Die EU-Kommission will unter anderem E-Mails und Messenger-Nachrichten durchleuchten lassen. Doch das Vorhaben gerät zunehmend unter Druck.

Gilt das Briefgeheimnis im Digitalen bald nicht mehr? Foto: alengo/getty images

Wen will die EU überwachen lassen?

Anbieter von Messenger-Diensten wie Whatsapp oder Signal, E-Mail-Provider und Anbieter von Clouddiensten sollen laut einem Plan der EU-Kommission verpflichtet werden können, die Kommunikation ihrer Nut­ze­r:in­nen zu durchleuchten. Das Ziel sei es, Inhalte aufzuspüren, die mutmaßliche Darstellungen von sexualisierter Gewalt an Kindern enthalten.

Ende vergangener Woche lief die Frist für Änderungsanträge im EU-Parlament ab und Anfang Juni steht nun eine erste wegweisende Einigung an: der Rat Justiz und Inneres, dem die Innen- und Jus­tiz­mi­nis­te­r:in­nen der Mitgliedstaaten angehören, soll zumindest in einzelnen Punkten die Positionen festlegen.
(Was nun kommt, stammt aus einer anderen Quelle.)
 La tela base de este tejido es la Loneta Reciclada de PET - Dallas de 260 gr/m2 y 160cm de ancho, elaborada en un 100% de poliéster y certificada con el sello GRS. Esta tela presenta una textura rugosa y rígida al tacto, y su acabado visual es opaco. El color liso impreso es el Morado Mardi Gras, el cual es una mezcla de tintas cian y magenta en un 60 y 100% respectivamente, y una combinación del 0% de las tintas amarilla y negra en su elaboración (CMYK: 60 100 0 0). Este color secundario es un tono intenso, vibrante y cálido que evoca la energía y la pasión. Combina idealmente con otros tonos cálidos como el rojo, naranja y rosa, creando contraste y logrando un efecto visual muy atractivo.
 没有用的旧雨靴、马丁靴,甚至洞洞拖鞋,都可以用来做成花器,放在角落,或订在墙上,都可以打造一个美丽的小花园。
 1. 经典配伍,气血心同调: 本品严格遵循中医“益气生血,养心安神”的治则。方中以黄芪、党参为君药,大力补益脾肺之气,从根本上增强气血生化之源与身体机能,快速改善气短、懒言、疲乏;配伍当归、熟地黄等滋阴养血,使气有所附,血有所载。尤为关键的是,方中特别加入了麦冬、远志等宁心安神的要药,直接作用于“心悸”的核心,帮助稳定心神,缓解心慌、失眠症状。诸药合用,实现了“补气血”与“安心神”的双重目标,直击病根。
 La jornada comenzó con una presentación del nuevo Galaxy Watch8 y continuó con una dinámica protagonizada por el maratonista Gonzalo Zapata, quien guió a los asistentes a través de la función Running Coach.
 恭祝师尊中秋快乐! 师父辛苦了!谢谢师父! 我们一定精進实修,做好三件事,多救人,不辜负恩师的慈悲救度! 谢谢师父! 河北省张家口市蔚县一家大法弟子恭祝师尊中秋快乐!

Doch das Vorhaben gerät zunehmend unter Druck. So sind in den vergangenen Wochen zwei Rechtsgutachten bekannt geworden, die die Pläne angreifen. Sowohl der Wissenschaftliche Dienst des EU-Parlaments als auch der Juristische Dienst des EU-Ministerrats warnen davor, dass die Pläne die Grundrechte der EU-Bürger:innen untergraben könnten. Der Deutsche Anwaltverein erklärt in einer Stellungnahme, die Pläne würden zu „einer vollständigen Aufhebung der Vertraulichkeit der Kommunikation im digitalen Raum“ führen. Und auch mehrere europäische Jus­tiz­mi­nis­te­r:in­nen haben sich dagegen positioniert, außerdem zahlreiche Ex­per­t:in­nen aus unterschiedlichen Bereichen.
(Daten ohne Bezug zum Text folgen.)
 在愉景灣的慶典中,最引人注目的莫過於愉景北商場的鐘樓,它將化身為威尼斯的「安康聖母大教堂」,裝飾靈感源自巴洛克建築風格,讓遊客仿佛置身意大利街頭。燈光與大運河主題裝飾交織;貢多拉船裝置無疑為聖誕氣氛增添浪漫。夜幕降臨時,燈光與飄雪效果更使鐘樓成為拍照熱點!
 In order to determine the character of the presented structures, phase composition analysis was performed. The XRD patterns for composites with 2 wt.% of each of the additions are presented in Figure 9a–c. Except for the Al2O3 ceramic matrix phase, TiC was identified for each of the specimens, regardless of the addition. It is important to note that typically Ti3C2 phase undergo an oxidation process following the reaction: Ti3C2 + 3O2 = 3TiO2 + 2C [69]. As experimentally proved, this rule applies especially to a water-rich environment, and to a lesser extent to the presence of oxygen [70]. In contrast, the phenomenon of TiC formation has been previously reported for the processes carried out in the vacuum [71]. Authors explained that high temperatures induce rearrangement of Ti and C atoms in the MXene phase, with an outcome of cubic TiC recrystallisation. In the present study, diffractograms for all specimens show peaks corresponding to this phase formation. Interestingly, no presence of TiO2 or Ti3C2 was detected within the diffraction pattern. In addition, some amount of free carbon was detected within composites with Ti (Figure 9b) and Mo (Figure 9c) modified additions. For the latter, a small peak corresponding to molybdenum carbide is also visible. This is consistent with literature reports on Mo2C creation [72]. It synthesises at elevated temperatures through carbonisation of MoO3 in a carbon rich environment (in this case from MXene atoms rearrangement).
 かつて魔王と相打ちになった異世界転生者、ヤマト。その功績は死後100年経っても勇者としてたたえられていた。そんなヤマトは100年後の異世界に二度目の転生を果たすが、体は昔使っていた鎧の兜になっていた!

Warum ist das Vorhaben umstritten?

Es würde tief in die Vertraulichkeit der Kommunikation eingreifen. Und es bezieht sich auch auf Ende-zu-Ende-verschlüsselte Nachrichten und Daten, also solche, die nur Sender und Emp­fän­ge­r:in entschlüsseln und lesen können. Um diese zu durchleuchten, müssten die Anbieter entweder die Verschlüsselung brechen, etwa durch Zweitschlüssel. Oder sie müssten die Inhalte schon vor dem Versand direkt auf den Endgeräten der Nut­ze­r:in­nen scannen.
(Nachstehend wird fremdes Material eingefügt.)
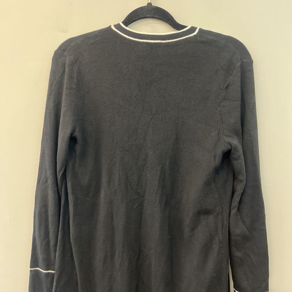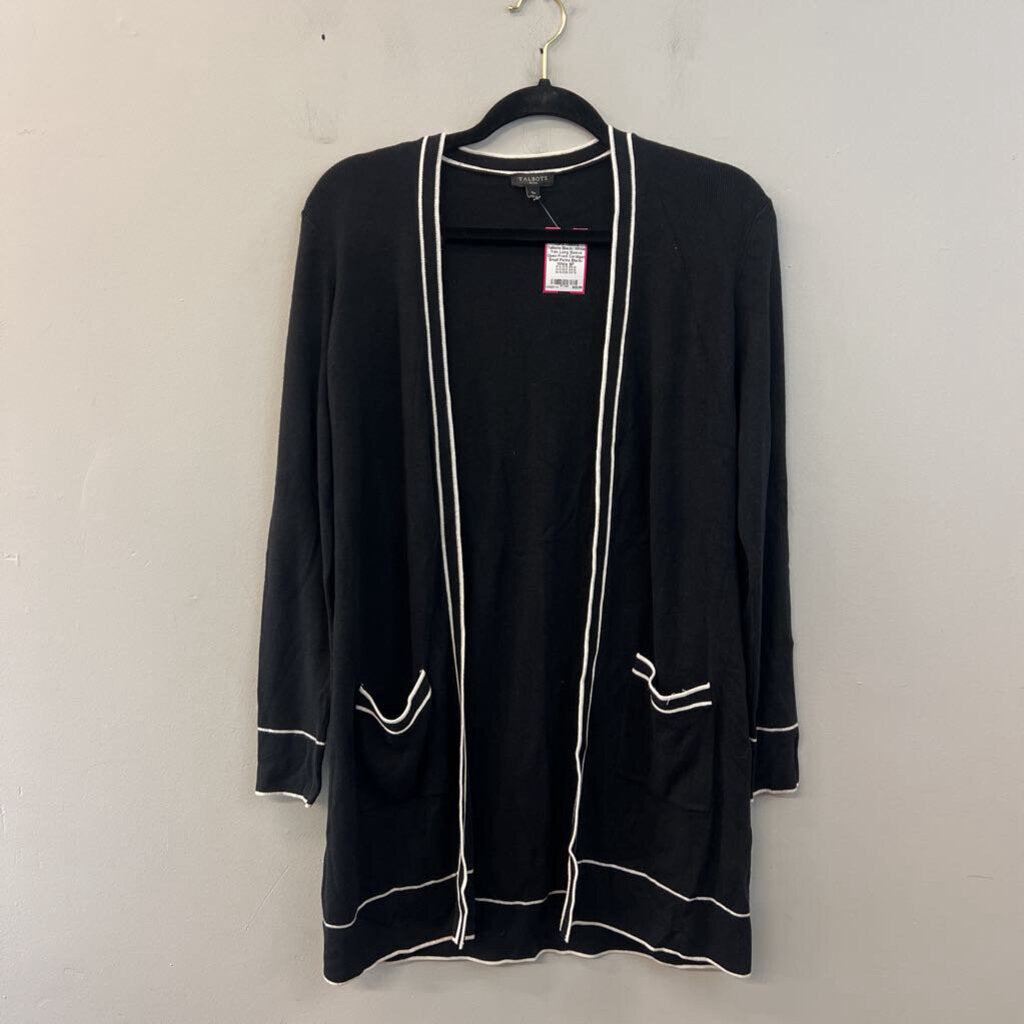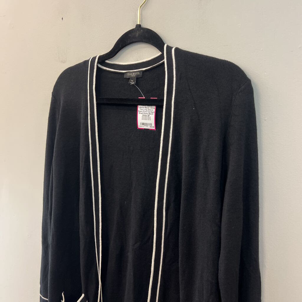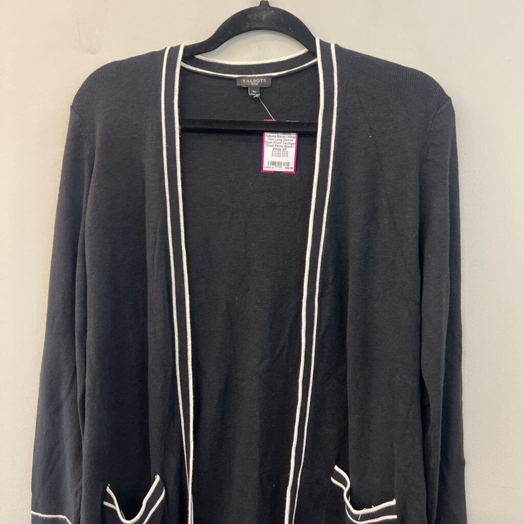 Talbots Black/ Whtie Trim Long Sleeve Open Front Cardigan Small Petite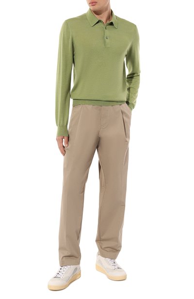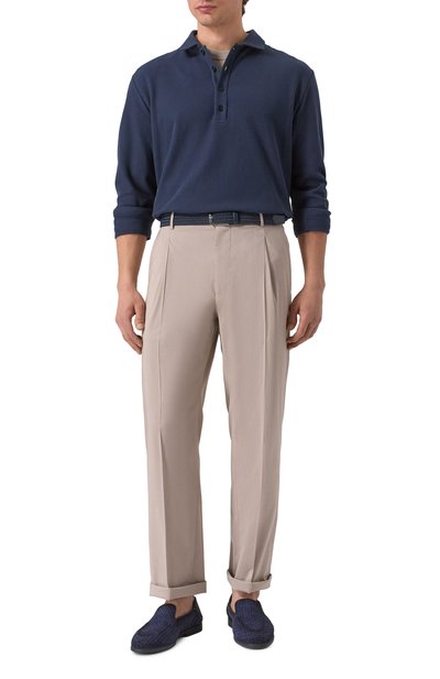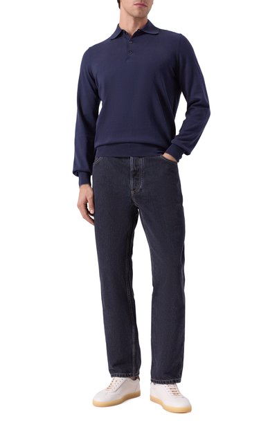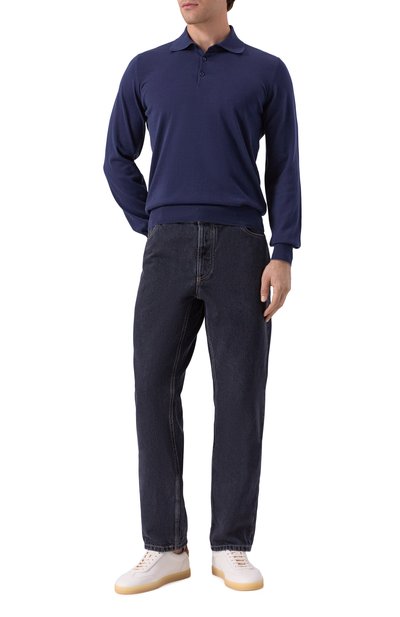 Oversize-поло выполнили из хлопкового трикотажа с «вафельной» текстурой. Модель на четырех перламутровых пуговицах одинаково хорошо сочетается с одеждой и в темной, и в светлой палитре.

Beide Methoden würden sich aber auch zweckentfremden lassen. So könnten etwa Regierungen autoritärer Staaten mit den auf EU-Vorgabe eingerichteten Funktionen nach politisch unliebsamen Inhalten suchen lassen. Außerdem sollen KI-gestützte Systeme unter anderem Bilder und Videos mutmaßlicher Missbrauchsdarstellungen in der Kommunikation finden. Gerade angesichts der Fehleranfälligkeit von künstlicher Intelligenz (KI) stößt auch das auf Kritik.

Was sagen Expert:innen?

Das wollten auch die Mitglieder des Digitalausschusses im Bundestag wissen und luden deshalb 9 Ex­per­t:in­nen ein, unter anderem aus den Bereichen Strafverfolgung, IT, Datenschutz und Kinderschutz. Das Ergebnis in Kurzform: 9 zu 0 gegen das EU-Vorhaben.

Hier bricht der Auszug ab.